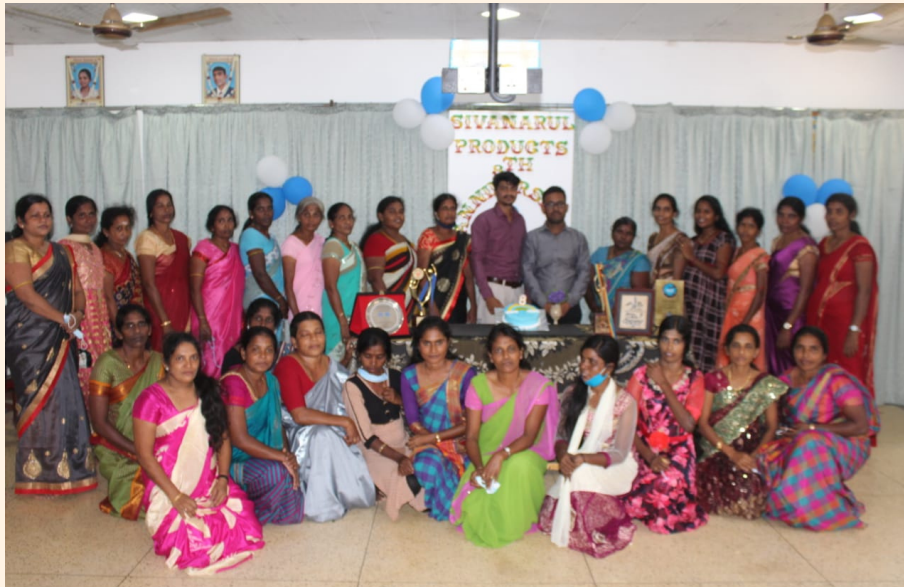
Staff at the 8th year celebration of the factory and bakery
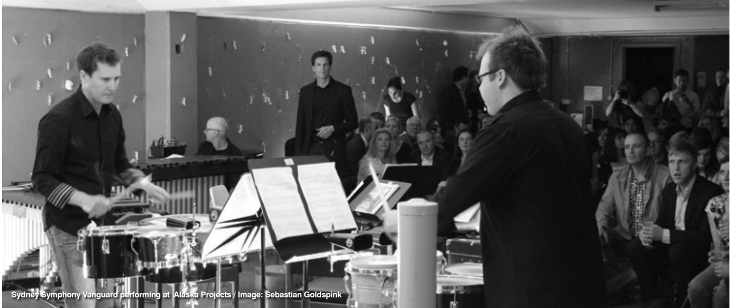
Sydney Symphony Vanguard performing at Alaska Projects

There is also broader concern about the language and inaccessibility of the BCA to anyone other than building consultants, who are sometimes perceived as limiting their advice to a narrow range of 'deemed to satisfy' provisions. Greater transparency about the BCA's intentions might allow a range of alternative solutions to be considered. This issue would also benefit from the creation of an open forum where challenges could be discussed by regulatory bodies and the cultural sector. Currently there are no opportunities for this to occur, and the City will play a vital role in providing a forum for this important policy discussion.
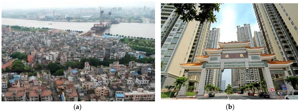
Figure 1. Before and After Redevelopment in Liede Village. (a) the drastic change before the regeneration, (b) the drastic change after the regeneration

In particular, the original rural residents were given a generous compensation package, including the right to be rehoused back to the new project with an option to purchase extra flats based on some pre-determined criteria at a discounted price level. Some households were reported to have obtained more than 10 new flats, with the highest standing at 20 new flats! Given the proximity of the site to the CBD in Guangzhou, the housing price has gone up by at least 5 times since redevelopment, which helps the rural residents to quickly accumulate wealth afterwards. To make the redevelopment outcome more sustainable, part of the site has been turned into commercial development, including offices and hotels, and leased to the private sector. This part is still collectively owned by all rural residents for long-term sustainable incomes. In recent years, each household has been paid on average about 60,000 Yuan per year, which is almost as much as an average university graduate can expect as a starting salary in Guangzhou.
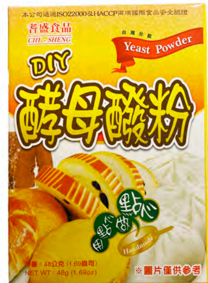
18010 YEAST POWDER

========================

Exercise goal =>
Each line above should be set down exactly as written, with pictures excluded.

Task response =>
Staff at the 8th year celebration of the factory and bakery
Sydney Symphony Vanguard performing at Alaska Projects

There is also broader concern about the language and inaccessibility of the BCA to anyone other than building consultants, who are sometimes perceived as limiting their advice to a narrow range of 'deemed to satisfy' provisions. Greater transparency about the BCA's intentions might allow a range of alternative solutions to be considered. This issue would also benefit from the creation of an open forum where challenges could be discussed by regulatory bodies and the cultural sector. Currently there are no opportunities for this to occur, and the City will play a vital role in providing a forum for this important policy discussion.
Figure 1. Before and After Redevelopment in Liede Village. (a) the drastic change before the regeneration, (b) the drastic change after the regeneration

In particular, the original rural residents were given a generous compensation package, including the right to be rehoused back to the new project with an option to purchase extra flats based on some pre-determined criteria at a discounted price level. Some households were reported to have obtained more than 10 new flats, with the highest standing at 20 new flats! Given the proximity of the site to the CBD in Guangzhou, the housing price has gone up by at least 5 times since redevelopment, which helps the rural residents to quickly accumulate wealth afterwards. To make the redevelopment outcome more sustainable, part of the site has been turned into commercial development, including offices and hotels, and leased to the private sector. This part is still collectively owned by all rural residents for long-term sustainable incomes. In recent years, each household has been paid on average about 60,000 Yuan per year, which is almost as much as an average university graduate can expect as a starting salary in Guangzhou.
18010 YEAST POWDER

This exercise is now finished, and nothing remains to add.